DOI: 10.7937/29kw-ae92 | Page Accessibility: Public | Collection

Collection Snapshot
Location Species Subjects Data Types Cancer Types Supporting Data Status Updated
Breast Human 326 MG Breast Cancer Clinical, Image Analyses Public, Complete 2023/09/13

Summary

Deep learning (DL) has a promising potential in reducing the workload of radiologists and helping them provide a more accurate diagnosis. However, fully annotated and large-sized datasets are required. This dataset is a collection of 2,006 high-resolution Contrast-enhanced spectral mammography (CESM) images with annotations and medical reports. 

Acquisition protocol: 

CESM is done using the standard digital mammography equipment, with additional software that performs dual-energy image acquisition. Two minutes after intravenously injecting the patient with non-ionic low-osmolar iodinated contrast material (dose: 1.5 mL/kg), craniocaudal (CC) and mediolateral oblique (MLO) views are obtained. Each view comprises two exposures, one with low energy (peak kilo-voltage values ranging from 26 to 31kVp) and one with high energy (45 to 49 kVp). Low and high-energy images are then recombined and subtracted through appropriate image processing to suppress the background breast parenchyma. A complete examination is carried out in about 5-6 minutes.

Image preprocessing:

The images were converted from DICOM to JPEG using RadiAnt with best 100% image quality (lossless).  They have an average of 2355 x 1315 pixels.

Supporting data:

Full medical reports are also provided for each case (DOCX) along with manual segmentation annotation for the abnormal findings in each image (CSV file).  Each image with its corresponding manual annotation (breast composition, mass shape, mass margin, mass density, architectural distortion, asymmetries, calcification type, calcification distribution, mass enhancement pattern, non-mass enhancement pattern, non-mass enhancement distribution, and overall BIRADS assessment) is compiled into 1 Excel file. 
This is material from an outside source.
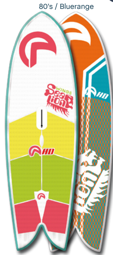
80's / Bluerange

https://www.robots.ox.ac.uk/~vgg/software/via/via.html was used for the segmentation annotation.  It can be used to show the annotations on the images by clicking on Annotation--> import annotations (from csv), and then proceeding to upload any image to view the annotations drawn over it.  Moreover, a helper repository is created to help with pre-processing, model training, model evaluation, and segmentation annotation loading: https://github.com/omar-mohamed/CDD-CESM-Dataset

Regarding the tabs on the annotations Excel file, these are commonly used radiological descriptors as defined by the American College of Radiology 2013 lexicon.

Acknowledgements

We would like to acknowledge the individuals and institutions that have provided data for this collection:

  • National Cancer Institute, Cairo University, Cairo, Egypt : Special thanks to Dr. Rana Khaled, M.Sc, Prof. Maha Helal, MD, Prof. Omnia Mokhtar, MD and Dr. Hebatalla El Kassas, MD from the Department of Radiology.
  • Faculty of Computers and Artificial Intelligence, Cairo University, Cairo, Egypt – Special thanks to Omar Alfarghaly, Prof. Abeer Elkorany, and Prof. Aly Fahmy from the Department of Computer Science.

Data Access

Click the Versions tab for more info about data releases.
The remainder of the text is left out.